MIT Biology Class - Reading Between the Lines (4)
Geneticists have been surprised to discover that some genes actually overlap each other, meaning that the same stretch of DNA can be involved in the code for more than one protein. This is very common in prokaryotes, which have less DNA in which to pack their genetic instructions, but it has also been discovered to occur in eukaryotes, which have a more roomy genome.
The amino acid arrangement, which makes up the protein polypeptide chain, is coded for by the nucleic acid molecules (nucleotides) in DNA. These nucleotides come in 4 flavors, which are represented by the letters A T G and C. A series of 3 nucleotides (a codon) codes for each individual amino acid. So, for example, TAC codes for tyrosine, while GAA codes for glutamate. It should be noted that there are 64 possible combinations of these sets of 3 nucleotides, while there are only 20 amino acids, so, many of them can be represented by more than one codon, e.g., both TAT and TAC code for tyrosine. Additionally, some combinations represent "start" and "stop" codons1, which bookend the gene and define a "reading frame" — the gene is contained within the reading frame.
A large molecule known as RNA polymerase reads the DNA and assists the messenger RNA in acquiring a copy of the gene, which will be elsewhere translated into a protein. It reads the DNA in these codon groups, but it is not as though it begins at the start of the DNA molecule and reads along it in groups of 3 nucleotides; it can attach at any point and only begins its transcription work when it encounters an ATG triplet (the start codon). So, in theory, there could be one at the start of the DNA strand, one starting from the 2nd nucleotide in the strand, one starting at the 3rd nucleotide in the strand, etc.
For example, a stretch of DNA might look something like this:
The ATG at the beginning would start the gene sequence and it would end once it had reached a stop codon, which in this case is the TAG sequence. So the resulting reading frame and 4 amino acid gene2 would look like this:
...ATG CAT GTC ATA CCA TAG CTA GAG...
(Start, Histidine, Valine, Isoleucine, Proline, Stop)
But not so fast: if you look at the original sequence you will notice that ATG can be found a bit further in, and there is another TAG later down the line as well. So if we adjust our starting offset just a tad we can find a whole different gene in this same stretch of DNA, like so:
...A TGC ATG TCA TAC CAT AGC TAG AG...
(Start, Serine, Tyrosine, Histidine, Serine, Stop)
Can you see why this would be a stunner for geneticists to find? This is like discovering that your recipe for chicken pot pie also contained the recipe for laundry detergent if you drop every second letter, or that your favorite song is also the national anthem when played backwards. It is hard enough to explain how new genes can come into existence by random mutations; now we must explain how something so delicately intertwined as this could come about.

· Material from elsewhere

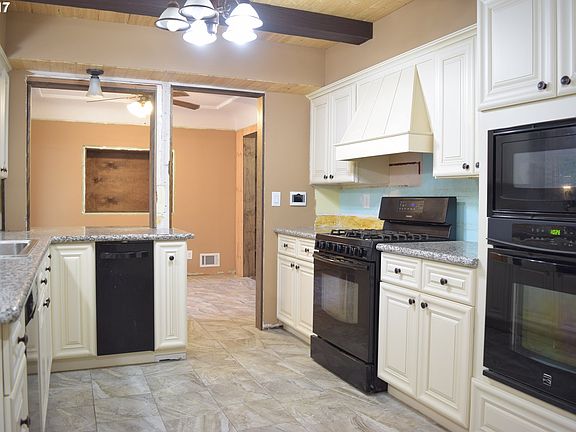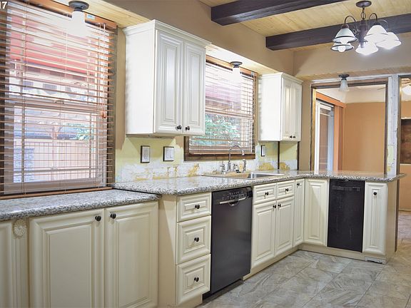 Lots of Remodeling done already! New windows, cabinets & granite slab kitchen counters, doors, hardwoods, garage doors/openers, plumbing, wiring, A/C, furnace. 2 fireplaces. Outdoor living w/one yr. old swim spa, huge deck, pergola, BBQ cooking area, new fences. Oversized attached 2 car garage AND detached 681sq ft 2nd garage for at least 2 more cars and its own driveway & room for RV! All kitchen appliances & garage frig stay.
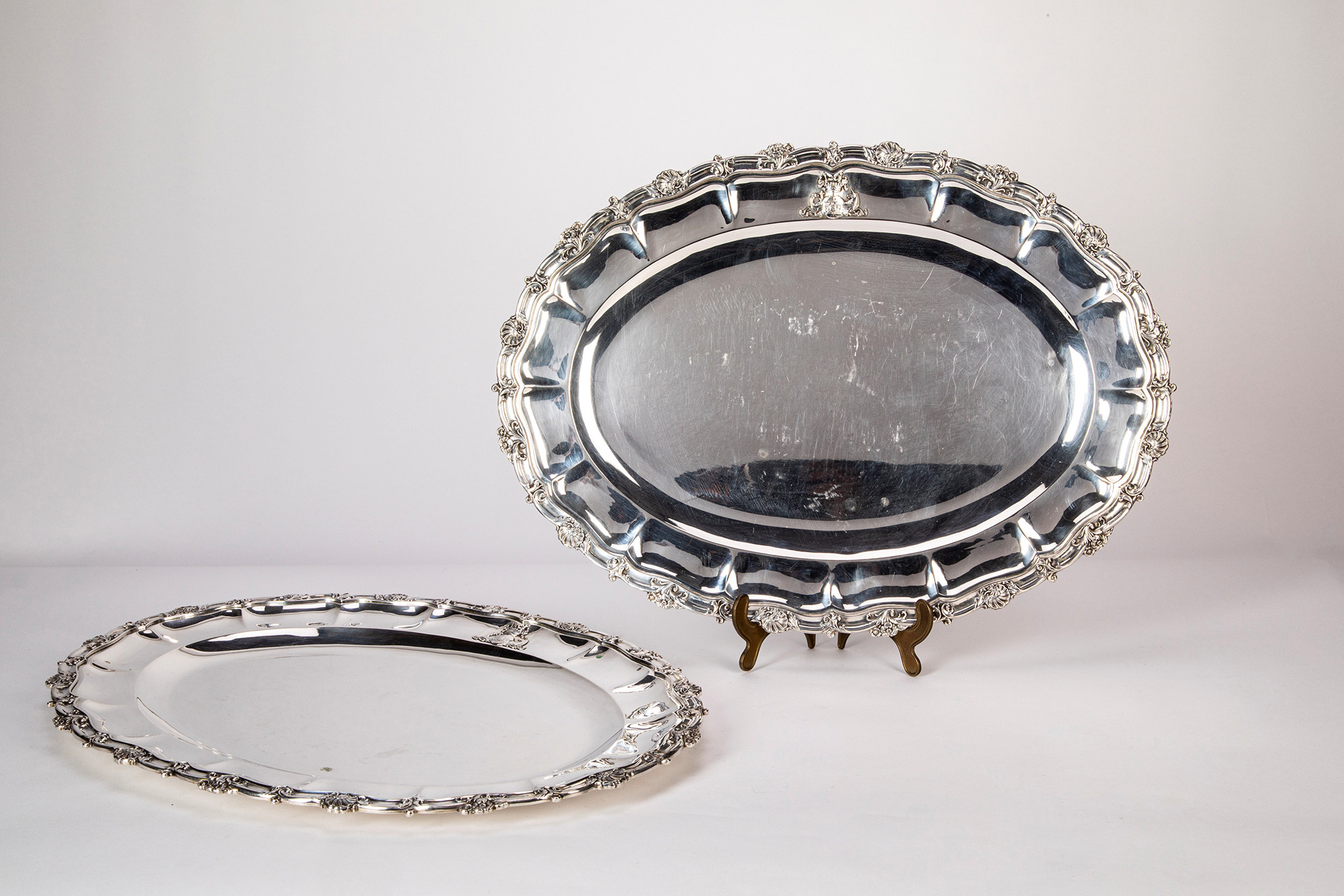 di forma ovale sagomata con bordo cesellato a fiori e valve di conchiglie stilizzate, sulla fascia stemma araldico in rilievo.

It is a problem whether it is claimed to come about gradually or all in one step. If you say that the overlapping genes came into existence together, then you have only increased the statistical improbabilities on already problematic equations. If you say that this happened gradually (first one gene appeared and then tweaks occurred to bring the second into play), then you have added profound constraints upon the process that is proposed to bring genes into existence. It is one thing to say that a functional gene could by chance and degree be constructed upon a stretch of unused DNA, but to say that it can arrive upon the back of a functioning gene without upsetting its vocation stretches credulity on principle alone. I may just as well say that my wife can slowly change her pot pie recipe into a crypto-detergent recipe without making my son vomit at any point that she follows it and served him the product.
1. The start codon ATG actually codes for the amino acid methionine. The three stop codons, TAA, TAG, and TGA, do not encode an actual amino acid.
2. As you may remember from an earlier lecture note, the average protein consists of at least 150 amino acids.